Study: Developers Using AI Coding Assistants Suffer from 41% Increase in Bugs

Technology October 02, 2024

Bing AI generator

A recent study by Uplevel, a firm that analyzes coding metrics, has revealed that AI coding assistants like GitHub Copilot are not significantly improving developer productivity or preventing burnout, despite the hype surrounding these tools.

TechSpot reports that the rise of generative AI has led to a surge in the development of AI coding assistants, with tools like GitHub Copilot promising to revolutionize the way developers work. These assistants are designed to make coding faster and easier, with the expectation that they will boost productivity and reduce the risk of burnout among developers. However, a recent study by Uplevel, a firm that specializes in analyzing coding metrics, has found that these promised benefits are not materializing.

The study, which tracked around 800 developers over three-month periods, compared their output with and without the use of GitHub Copilot. Surprisingly, the results showed no meaningful improvements in key metrics such as pull request cycle time and throughput for those using the AI coding assistants. This finding contradicts the claims made by GitHub and other proponents of AI coding tools, who have touted massive productivity gains.

Matt Hoffman, a data analyst at Uplevel, explains that the team had initially expected developers using AI tools to write more code and introduce fewer defects, as the assistants would help review code before submission.

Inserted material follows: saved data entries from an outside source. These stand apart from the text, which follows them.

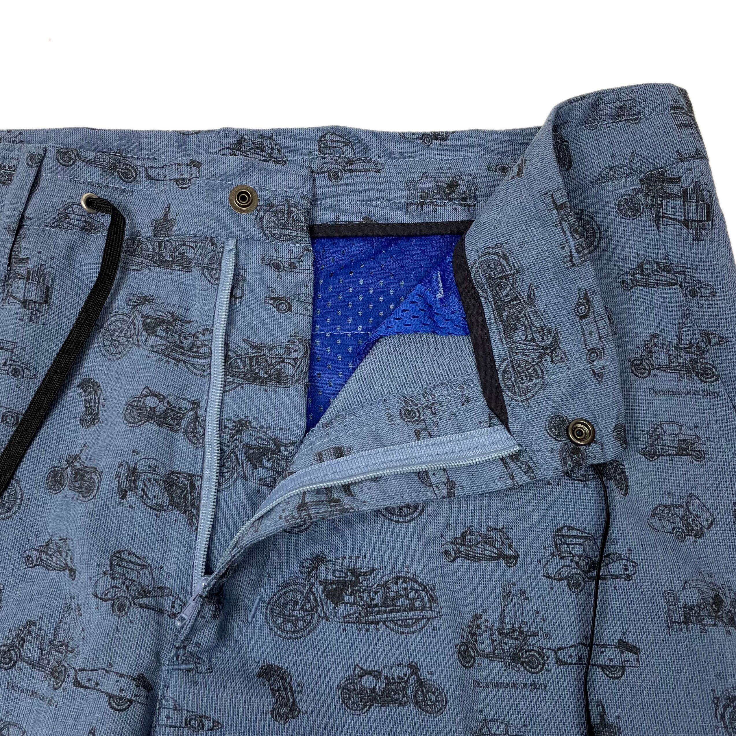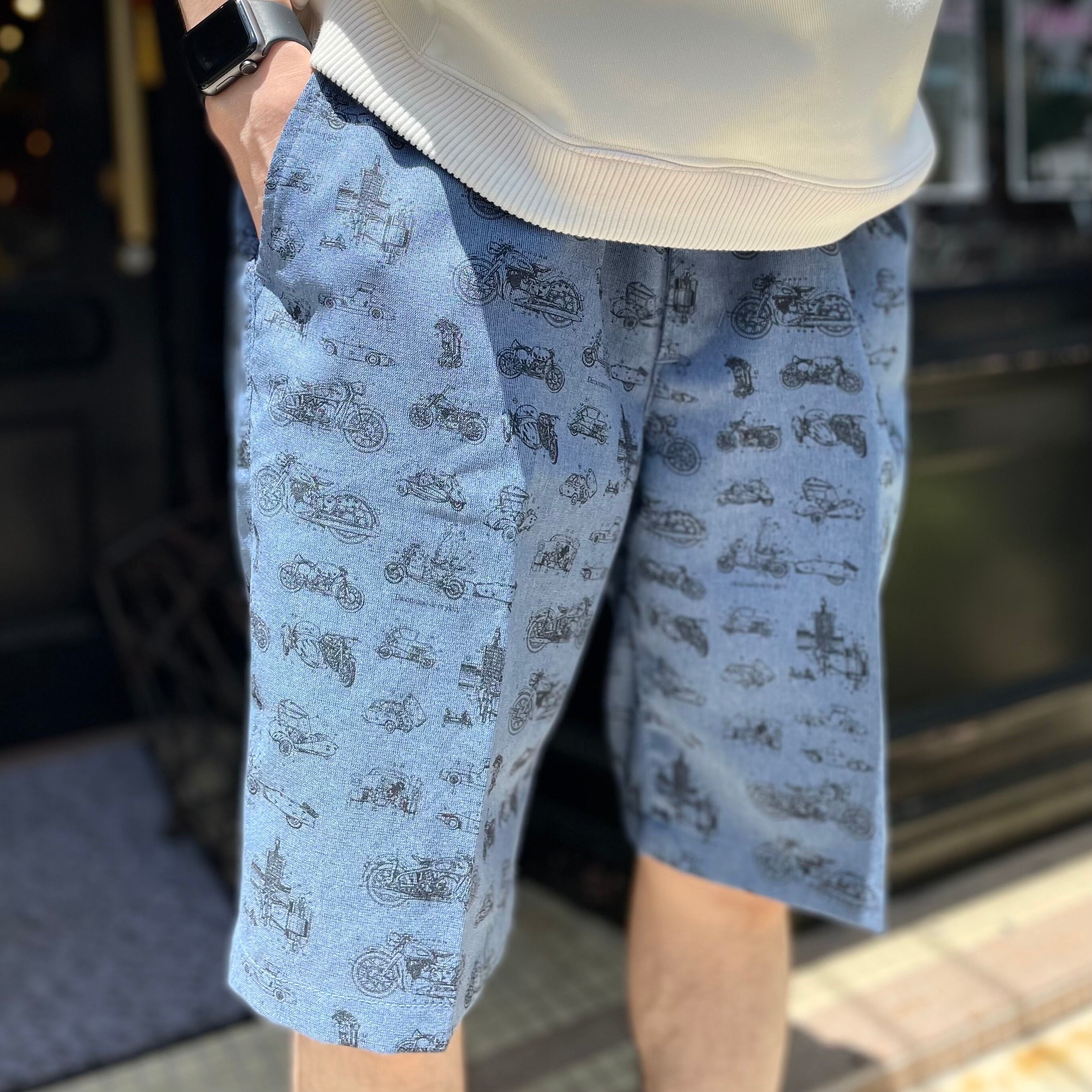 よく見ると車やバイク、モーターなどがお洒落なタッチで描かれた遊び心満載のショーツです!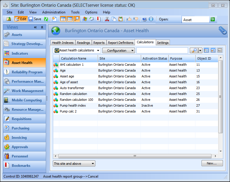 1. On the Site window, select the Asset Health view and then the Calculations tab. By default, this tab lists all asset health report calculations for this site and above.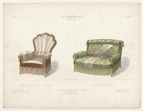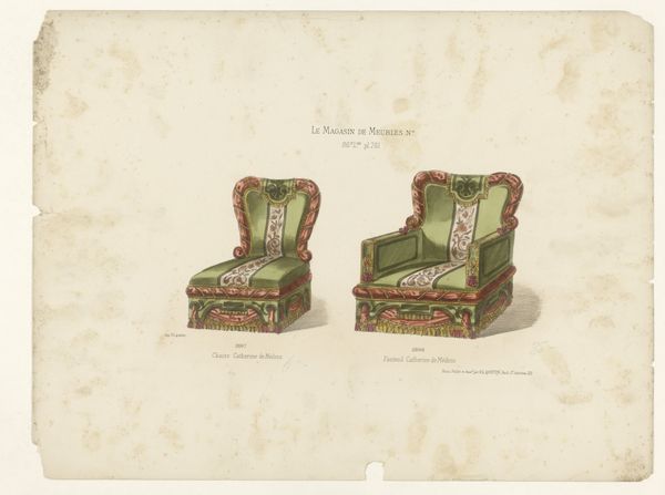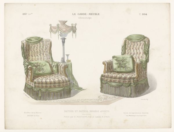 Editor: This drawing, titled "Fauteuil en stoel," likely created between 1885 and 1895 by Léon Laroche, features these fantastical armchairs rendered in watercolor. The details, the tassels, the elaborate trim...they strike me as ridiculously opulent. What's your take on it? Curator: Indeed. Consider the late 19th century context. The rise of industrial production allowed for wider access to decorative arts, influencing tastes and aspirations of the bourgeoisie. These chairs represent a certain theatricality—a performance of wealth. It also references shifts in interior design fueled by access to global markets; imagine what kind of sitting room this "fancy chair" would occupy. Do you get a sense of the aspirational values it embodies? Editor: Absolutely. It's not just about comfort, but about conveying a particular image of leisure and refinement. This definitely has an “old money” aesthetic. Curator: Perhaps...But “old money” usually shies away from the flamboyant, isn't it? In a sense, drawings like these, circulated in publications, democratized luxury by offering designs that could then be copied, or simply aspired to. Were they for aristocratic consumption, or something aimed at aspiring classes? Editor: That's a good point, it could be an aspirational advertisement. So it’s less about old wealth, and more about the *desire* for wealth being sold. I hadn’t thought about it that way before. Thank you for making that distinction. Curator: Always a pleasure to re-examine assumptions, and observe objects in relation to larger social phenomena. It transforms how we interpret these items!

However, the study’s findings defied these expectations. In fact, developers using Copilot were found to introduce 41 percent more bugs into their code compared to those not using the tools. Additionally, Uplevel found no evidence to suggest that AI assistants were helping to prevent developer burnout.

These revelations run counter to a GitHub-sponsored study that had earlier claimed a 55 percent increase in coding speed for developers using Copilot. While it is possible that developers are seeing some positive results, as evidenced by reports showing nearly 30 percent of new code involving AI assistance, another possibility is that coders are developing a dependency on these tools and becoming lazy.

In the field, experiences with AI coding assistants have been mixed so far. Ivan Gekht, CEO of custom software firm Gehtsoft USA, told CIO that AI-generated code has been challenging to understand and debug, sometimes making it more efficient to rewrite from scratch. This observation is backed by a study from last year, which found that ChatGPT got over half of the programming questions it was asked wrong, although the chatbot has since improved with multiple updates.